Exercise goal –
Leave the pictures out. Retype exactly the lines below from the one containing "Batch of shiny" through the one containing "本次活动的灵感来源于美国人贾", and no others.

Input data –
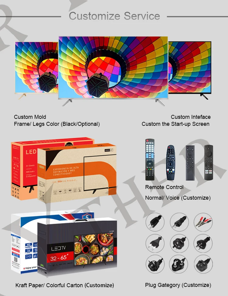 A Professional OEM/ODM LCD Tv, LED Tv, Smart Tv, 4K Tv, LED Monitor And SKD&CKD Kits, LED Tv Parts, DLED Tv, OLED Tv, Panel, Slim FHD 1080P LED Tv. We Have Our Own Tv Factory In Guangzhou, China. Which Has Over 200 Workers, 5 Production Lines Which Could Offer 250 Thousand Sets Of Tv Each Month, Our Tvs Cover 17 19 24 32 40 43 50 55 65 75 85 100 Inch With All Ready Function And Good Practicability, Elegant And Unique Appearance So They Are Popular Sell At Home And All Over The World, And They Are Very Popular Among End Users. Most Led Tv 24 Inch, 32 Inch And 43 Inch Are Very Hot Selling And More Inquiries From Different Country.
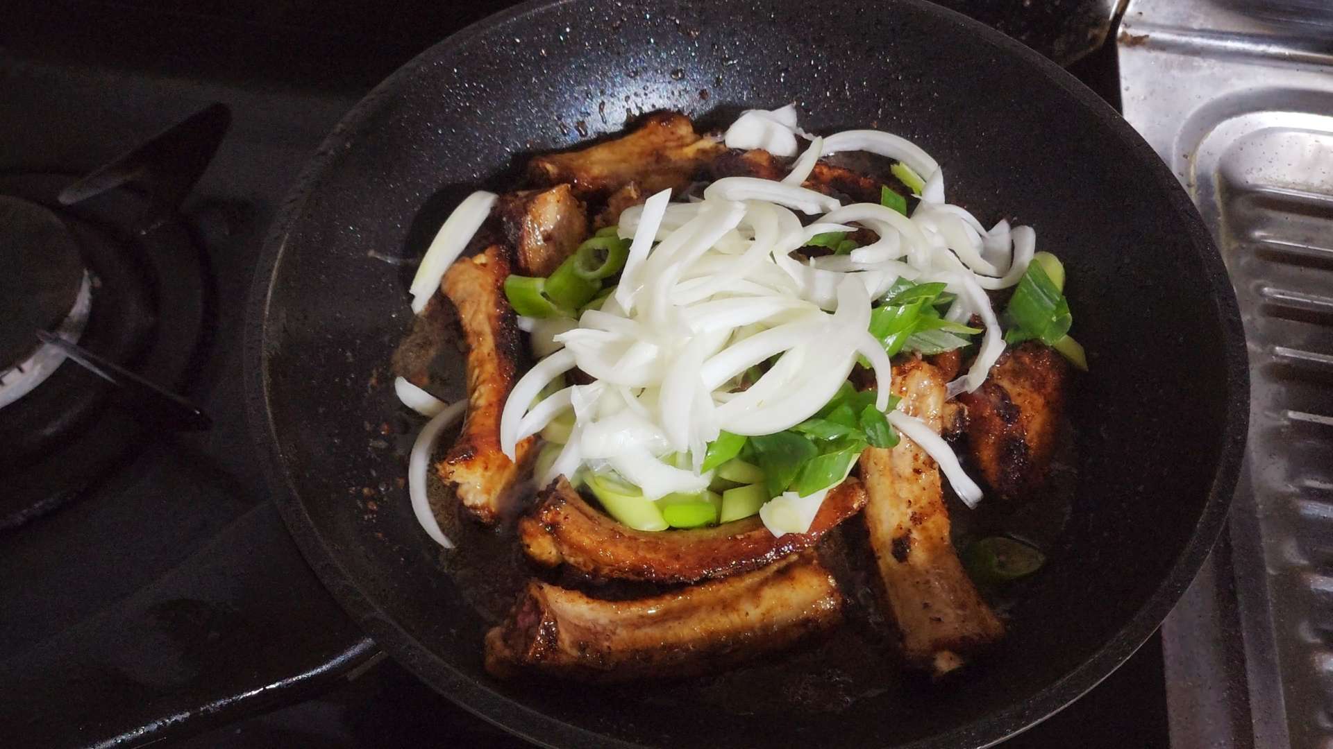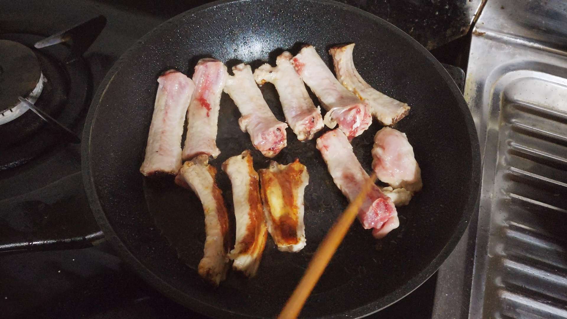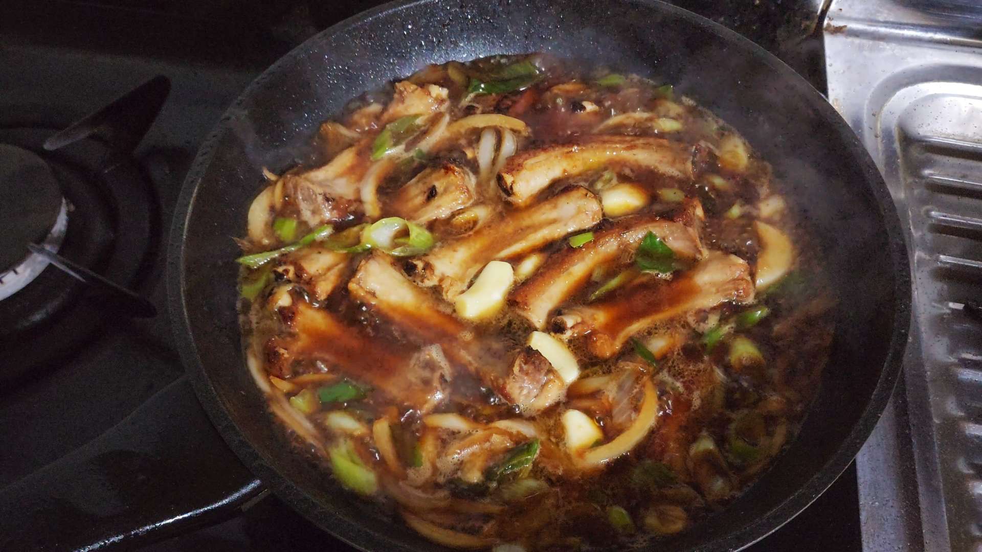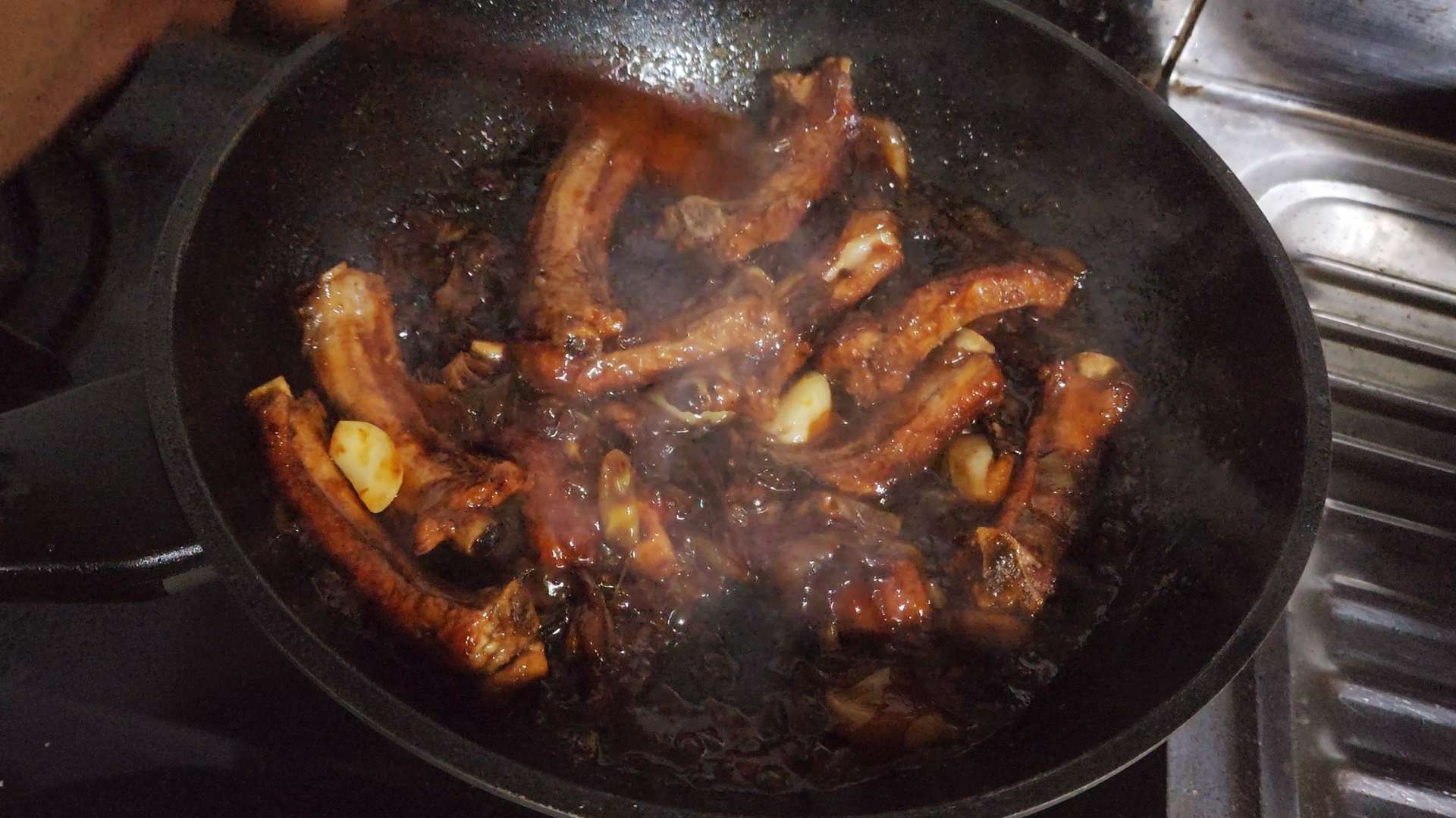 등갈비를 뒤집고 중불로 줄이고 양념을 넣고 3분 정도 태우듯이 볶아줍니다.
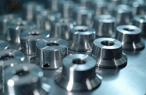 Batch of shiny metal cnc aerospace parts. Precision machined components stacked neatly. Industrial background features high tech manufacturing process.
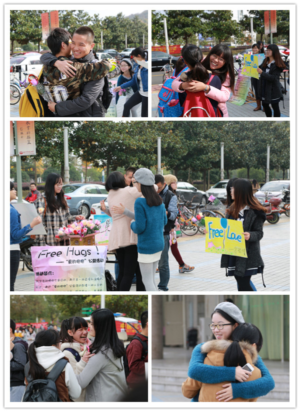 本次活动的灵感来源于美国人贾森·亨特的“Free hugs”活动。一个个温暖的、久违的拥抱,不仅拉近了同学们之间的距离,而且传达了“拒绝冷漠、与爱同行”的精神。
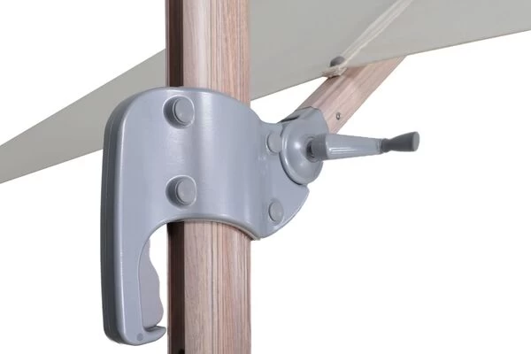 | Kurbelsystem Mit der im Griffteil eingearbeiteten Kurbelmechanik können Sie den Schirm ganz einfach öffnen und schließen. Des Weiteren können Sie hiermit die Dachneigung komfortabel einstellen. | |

Exercise response –
 Batch of shiny metal cnc aerospace parts. Precision machined components stacked neatly. Industrial background features high tech manufacturing process.
 本次活动的灵感来源于美国人贾森·亨特的“Free hugs”活动。一个个温暖的、久违的拥抱,不仅拉近了同学们之间的距离,而且传达了“拒绝冷漠、与爱同行”的精神。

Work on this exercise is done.